Without including any images, repeat the data exactly.

Extracted records —
┌──

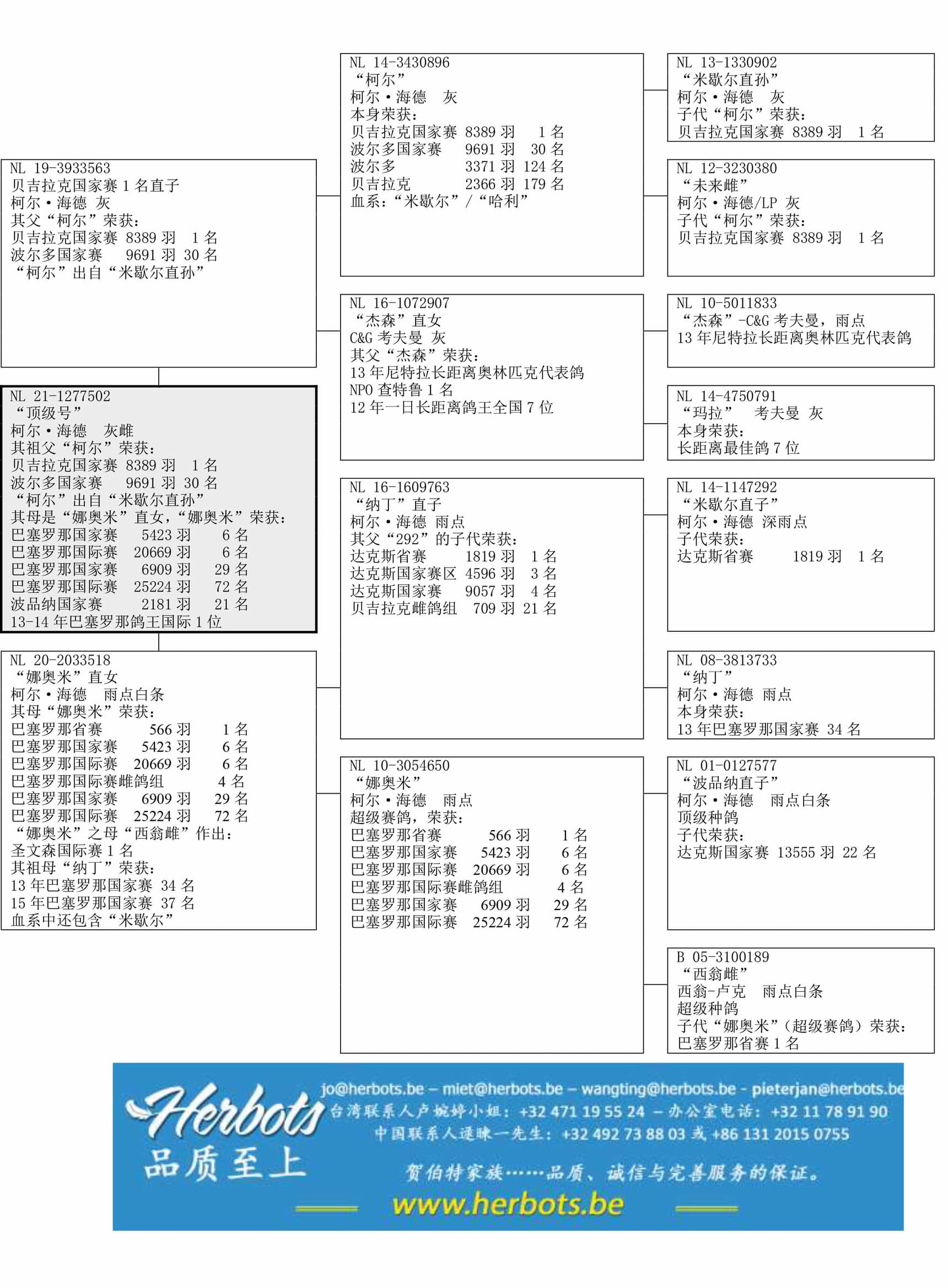 “纳丁直子” (半平辈荣获:达克斯省赛 1,819羽1名 – 国家赛 4,596羽3名 – 国家赛 9,057羽4名 - “纳丁” 荣获:巴塞罗那国家赛34名) x “娜奥米” (是2个赛季巴塞罗那最佳鸽 . 荣获 巴塞罗那国际赛6名/国家赛29名.) 作出
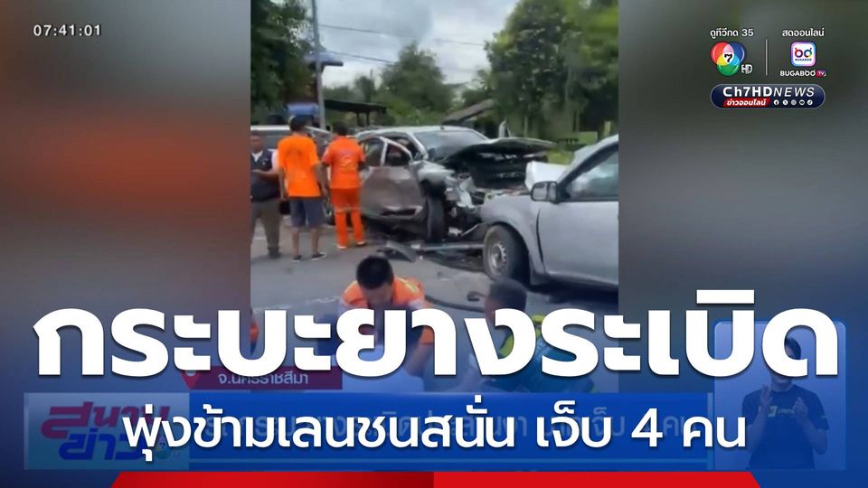 รถกระบะยางระเบิดประสานงา บาดเจ็บ 4 คน จ.นครราชสีมา
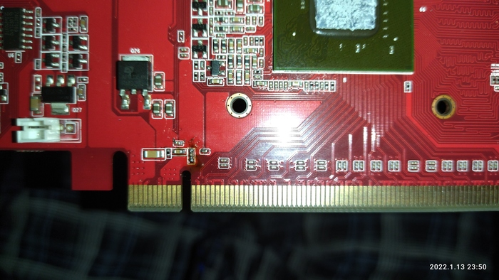 P.s забыл написать что при запуске она не определяется, то есть в диспетчере устройств её нет... Конденсатор в верхнем углу был впаян который был примерно похож. На чипе нет пластиковой защиты т. к. я её снял на время чтобы не падала. Из того что сделал я это около линии PCI express впаял конденсатор(вроде он так называется(маленькая штучка с жёлтенькой полоской по середине)).Пожалуйста если хотите объяснить, то объясняйте как своей бабушке))
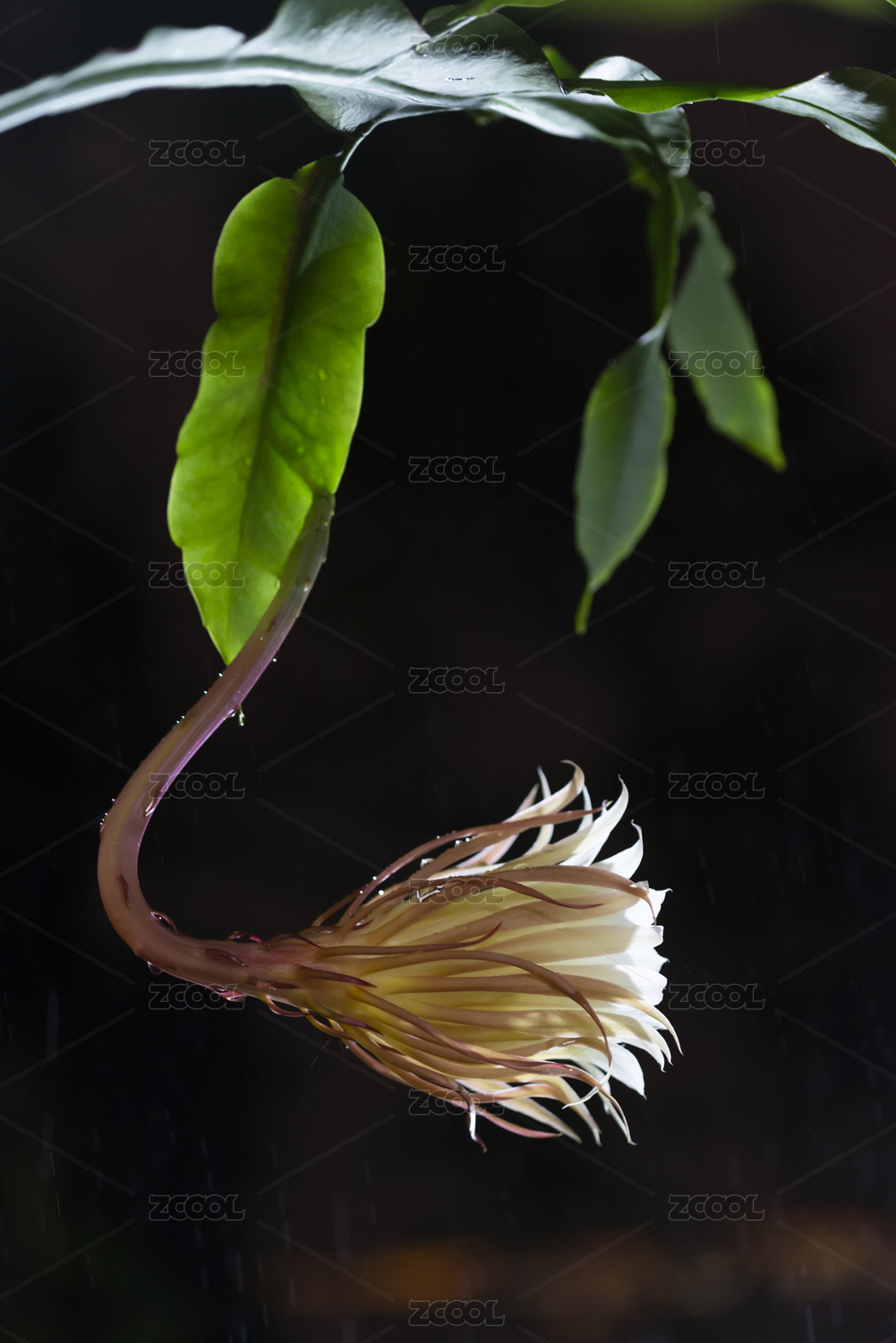雨夜里一朵曇花側(cè)面特寫,福建龍巖
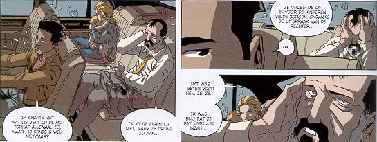|  Al’Togo  1 : 297 KM Sver is wanhopig!Hij mag zijn kinderen niet meer zien heeft de rechter besloten. Maar hij moet en zal ze zien,wat dat dan ook mag kosten.En de prijs is hoog , zo hoog dat hij op de vlucht moet met zijn twee dochters.Maar hij is niet alleen een vader,hij is ook een minister.En dan vlucht je niet meer zo makkelijk.De lange tocht is begonnen. Al is op weg naar zijn nieuwe baan als hij vreemde dingen ziet gebeuren bij het tankstation en zet de achtervolging in.Zijn baan is nu begonnen.Zijn baan als het nieuwe teamlid bij EO-6.(Euro Operations nr.6) Het is een aardig spannend verhaal met alle mogelijke emoties erin.Het is een beetje een voorspelbaar verhaal maar in dit geval niet vervelend.Het laat ook van iedereen zijn of haar verhaal zien,niet alleen van de vader dus. De tekeningen zijn niet echt schitterend maar wel duidelijk. Maar aan de andere kant hebben ze wel weer heel erg op de details gelet, want die zijn er wel allemaal. Al met al, weer een leuke strip erbij. Auteur: JD Morvan Tekeningen: S Savoia |
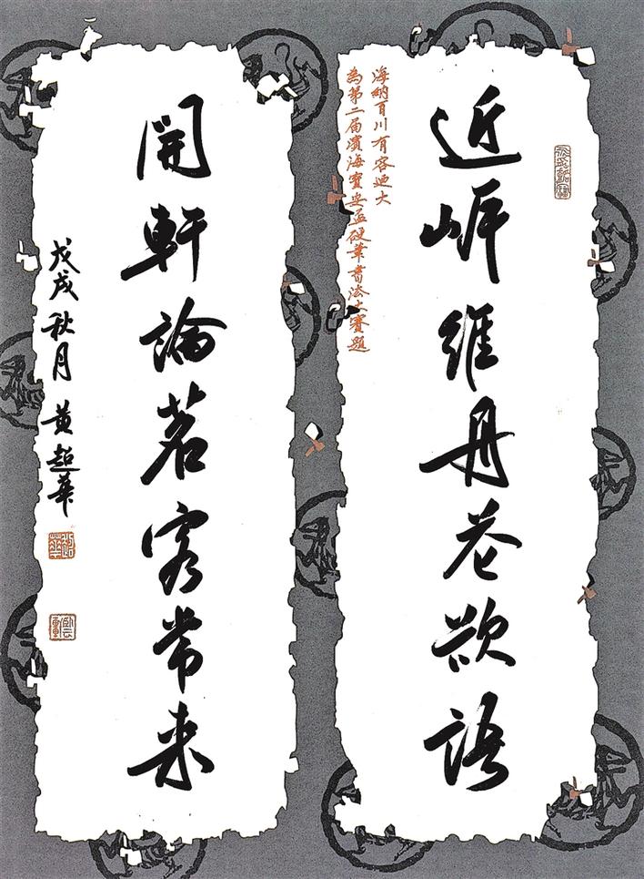 硬筆行書近舉維舟花欲語,聞軒論茗客常來。寶安區(qū)硬筆書法協(xié)會顧問黃超華
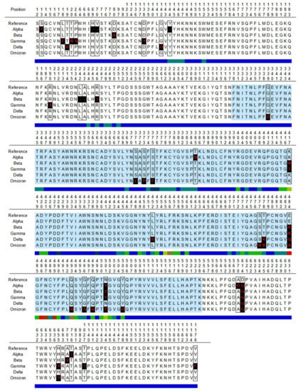 Protein sequences of SARS-CoV-2 variants were obtained after the genome sequences of the five SARS-CoV-2 VOCs: Alpha, Beta, Gamma, Delta and Omicron (Table 1). The genome sequences of these variants were identified and obtained from Global Initiative on Sharing All Influenza Data (GISAID) EpiCoVTM Database (https://www.gisaid.org/, accessed on 15 February 2022), considering only complete sequences (>29,000 bp) and excluding those entries with low coverage (>5% undefined bases) to discard poor quality sequences. To identify the mutations in the selected variants genomes, the Bioinformatic tool Nextclade v.1.14.0 was used (https://clades.nextstrain.org/, accessed on 17 Frebruary 2022). Nextclade is a Web application that can identify differences between a query and a reference sequence (SARS-CoV-2 isolate Wuhan-Hu-1, NCBI accession NC_045512). Subsequently, protein sequences of membrane spike glycoprotein (NCBI accession YP_009724390.1) for SARS-CoV-2 variants of the study were generated.
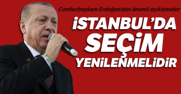 Bakırköy'de MÜSİAD 25. Olağan Genel Kurulu'nda İstanbul seçimlerine ilişkin konuşan Cumhurbaşkanı Recep Tayyip Erdoğan, "Yolsuzluk var. Gidelim millete milli irade nasıl bir karar veriyorsa başımız gözümüz üstüne deriz onu kabulleniriz" dedi. Anamuhalefet temsilcileri YSK'ya yönelik sözlerini hatırlatan Erdoğan, "YSK'nın başkanı bu tehdit karşısında neden acaba bir yazılı açıklama yapmadı?" ifadelerini kullandı.
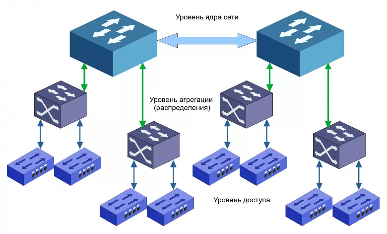 Помимо уровней модели OSI (такие как L2 и L3), в источниках часто упоминаются «уровень доступа», «уровень агрегации», «уровень ядра сети».
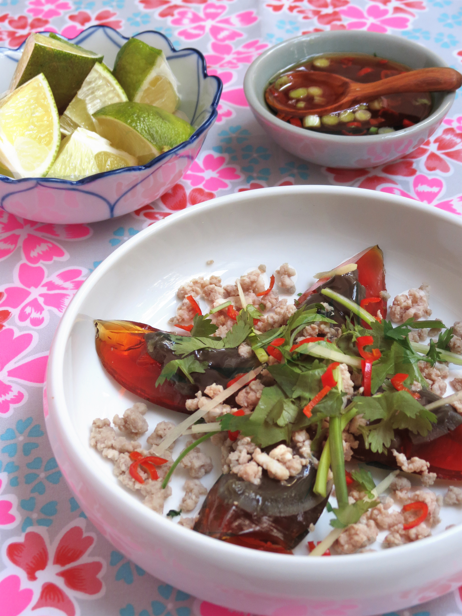 J’ai fini par trouver ce que je cherchais sur le blog She SImmers (qui est comme chacun sait le meilleur blog au monde de cuisine thaïlandaise***), une recette de salade d’œufs de cent ans au porc et au gingembre qui me paraissait parfaite.

└──

Expected output —
 “纳丁直子” (半平辈荣获:达克斯省赛 1,819羽1名 – 国家赛 4,596羽3名 – 国家赛 9,057羽4名 - “纳丁” 荣获:巴塞罗那国家赛34名) x “娜奥米” (是2个赛季巴塞罗那最佳鸽 . 荣获 巴塞罗那国际赛6名/国家赛29名.) 作出
 รถกระบะยางระเบิดประสานงา บาดเจ็บ 4 คน จ.นครราชสีมา
 P.s забыл написать что при запуске она не определяется, то есть в диспетчере устройств её нет... Конденсатор в верхнем углу был впаян который был примерно похож. На чипе нет пластиковой защиты т. к. я её снял на время чтобы не падала. Из того что сделал я это около линии PCI express впаял конденсатор(вроде он так называется(маленькая штучка с жёлтенькой полоской по середине)).Пожалуйста если хотите объяснить, то объясняйте как своей бабушке))
雨夜里一朵曇花側(cè)面特寫,福建龍巖
|  Al’Togo  1 : 297 KM Sver is wanhopig!Hij mag zijn kinderen niet meer zien heeft de rechter besloten. Maar hij moet en zal ze zien,wat dat dan ook mag kosten.En de prijs is hoog , zo hoog dat hij op de vlucht moet met zijn twee dochters.Maar hij is niet alleen een vader,hij is ook een minister.En dan vlucht je niet meer zo makkelijk.De lange tocht is begonnen. Al is op weg naar zijn nieuwe baan als hij vreemde dingen ziet gebeuren bij het tankstation en zet de achtervolging in.Zijn baan is nu begonnen.Zijn baan als het nieuwe teamlid bij EO-6.(Euro Operations nr.6) Het is een aardig spannend verhaal met alle mogelijke emoties erin.Het is een beetje een voorspelbaar verhaal maar in dit geval niet vervelend.Het laat ook van iedereen zijn of haar verhaal zien,niet alleen van de vader dus. De tekeningen zijn niet echt schitterend maar wel duidelijk. Maar aan de andere kant hebben ze wel weer heel erg op de details gelet, want die zijn er wel allemaal. Al met al, weer een leuke strip erbij. Auteur: JD Morvan Tekeningen: S Savoia |
 硬筆行書近舉維舟花欲語,聞軒論茗客常來。寶安區(qū)硬筆書法協(xié)會顧問黃超華
 Protein sequences of SARS-CoV-2 variants were obtained after the genome sequences of the five SARS-CoV-2 VOCs: Alpha, Beta, Gamma, Delta and Omicron (Table 1). The genome sequences of these variants were identified and obtained from Global Initiative on Sharing All Influenza Data (GISAID) EpiCoVTM Database (https://www.gisaid.org/, accessed on 15 February 2022), considering only complete sequences (>29,000 bp) and excluding those entries with low coverage (>5% undefined bases) to discard poor quality sequences. To identify the mutations in the selected variants genomes, the Bioinformatic tool Nextclade v.1.14.0 was used (https://clades.nextstrain.org/, accessed on 17 Frebruary 2022). Nextclade is a Web application that can identify differences between a query and a reference sequence (SARS-CoV-2 isolate Wuhan-Hu-1, NCBI accession NC_045512). Subsequently, protein sequences of membrane spike glycoprotein (NCBI accession YP_009724390.1) for SARS-CoV-2 variants of the study were generated.
 Bakırköy'de MÜSİAD 25. Olağan Genel Kurulu'nda İstanbul seçimlerine ilişkin konuşan Cumhurbaşkanı Recep Tayyip Erdoğan, "Yolsuzluk var. Gidelim millete milli irade nasıl bir karar veriyorsa başımız gözümüz üstüne deriz onu kabulleniriz" dedi. Anamuhalefet temsilcileri YSK'ya yönelik sözlerini hatırlatan Erdoğan, "YSK'nın başkanı bu tehdit karşısında neden acaba bir yazılı açıklama yapmadı?" ifadelerini kullandı.
 Помимо уровней модели OSI (такие как L2 и L3), в источниках часто упоминаются «уровень доступа», «уровень агрегации», «уровень ядра сети».
 J’ai fini par trouver ce que je cherchais sur le blog She SImmers (qui est comme chacun sait le meilleur blog au monde de cuisine thaïlandaise***), une recette de salade d’œufs de cent ans au porc et au gingembre qui me paraissait parfaite.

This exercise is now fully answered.